──────── DATA PROVIDED

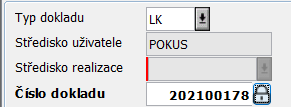 Vyplníme Typ dokladu, Středisko uživatele se naplní automaticky. Středisko realizace se dle nastavení naplní automaticky, nebo ho manuálně vyplníme. Automaticky se vygeneruje Číslo dokladu.
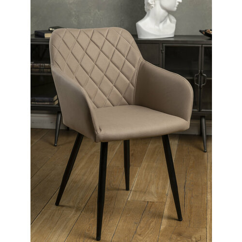 Купить Кухонный стул кресло лофт Grande, цвет бежевый, велюр под кожу, черные ножки, узор ромбы с доставкой по всей России.
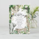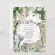 Um pouco selvagem na forma como o convite para chás de fraldas de safari por meio do gênero apresenta uma selva tropical com preguiça, macaco, girafa, elefante, tucano e leopardo. A parte de trás do convite mostra a impressão de fundo de leopardo com plantas tropicais e leões.
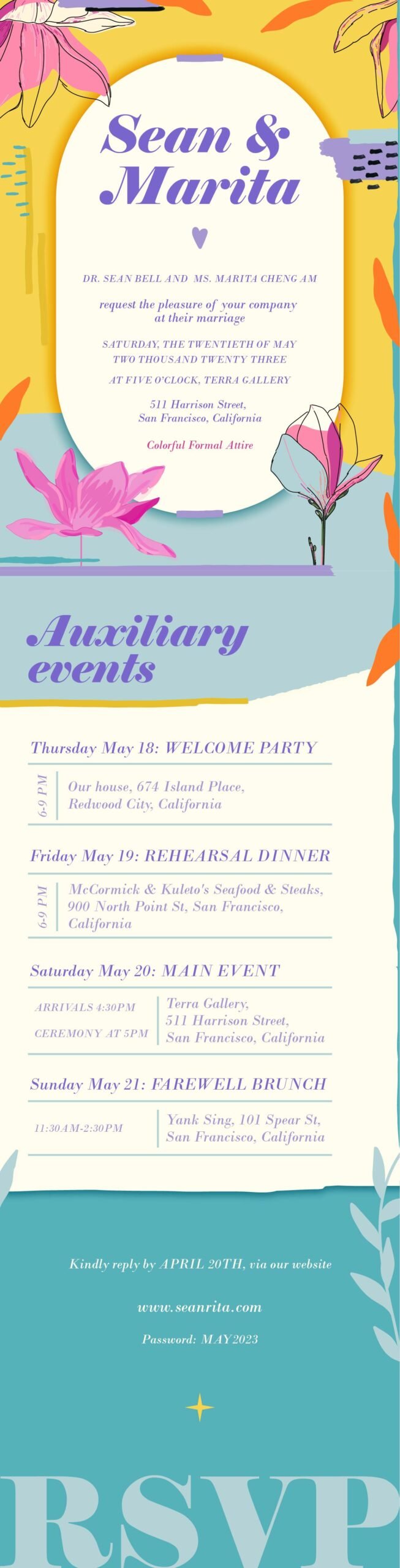Dizajn pozivnica za venčanje, inspirisain prirodom, jarkim bojama i apstraktnim oblicima.
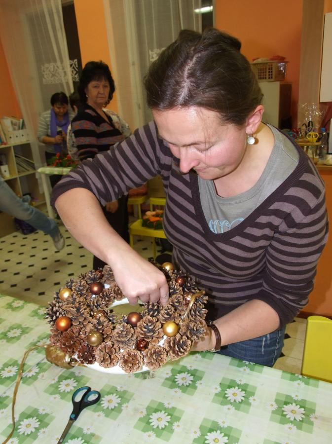 A navíc vlastnoručně vyrobený? Jedenáct účastníků páteční výtvarné dílny na „Domečku“, tedy na Středisku volného času při ZŠ, určitě ano a navíc, naprosto originálních a krásných. Děti, maminky i babičky se zde navečer sešly, aby si vyrobily snad tu nejtypičtější výzdobu pro tento předváčnoční čas. Některé zvolily možnost věnce na stůl, se čtyřmi svíčkami, někteří, včetně jednoho zručného hocha, věneček na ozdobení vstupních dveří domu či bytu.
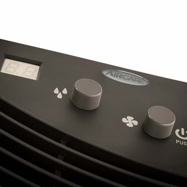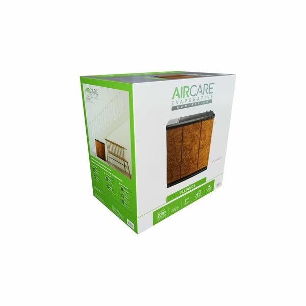 Portable Humidifier, Console, Max. Square Foot Capacity 3,700, Voltage 120 V AC, 2.2 A Amps AC, 80 Watts, Height 23 1/2 in, Width 21 3/4 in, Depth 13 3/4 in, Max. Runtime 45 hr, 5.4 gal Water Reservoir, Drain Type Bottle, Number of Speeds 4, Replacement Wick 2PYG6/AIRCARE MFG.#1045, Wick Treated With Antimicrobial, Cord Length 60 in, NEMA Plug Configuration 1-15P, Color Oak Burl

────────────────

EXERCISE AIM: Only one stretch of the data is wanted: write out exactly the lines from the one holding "Купить Кухонный стул" through the one holding "Um pouco selvagem", both included, without the pictures.

EXERCISE SOLUTION:
 Купить Кухонный стул кресло лофт Grande, цвет бежевый, велюр под кожу, черные ножки, узор ромбы с доставкой по всей России.
 Um pouco selvagem na forma como o convite para chás de fraldas de safari por meio do gênero apresenta uma selva tropical com preguiça, macaco, girafa, elefante, tucano e leopardo. A parte de trás do convite mostra a impressão de fundo de leopardo com plantas tropicais e leões.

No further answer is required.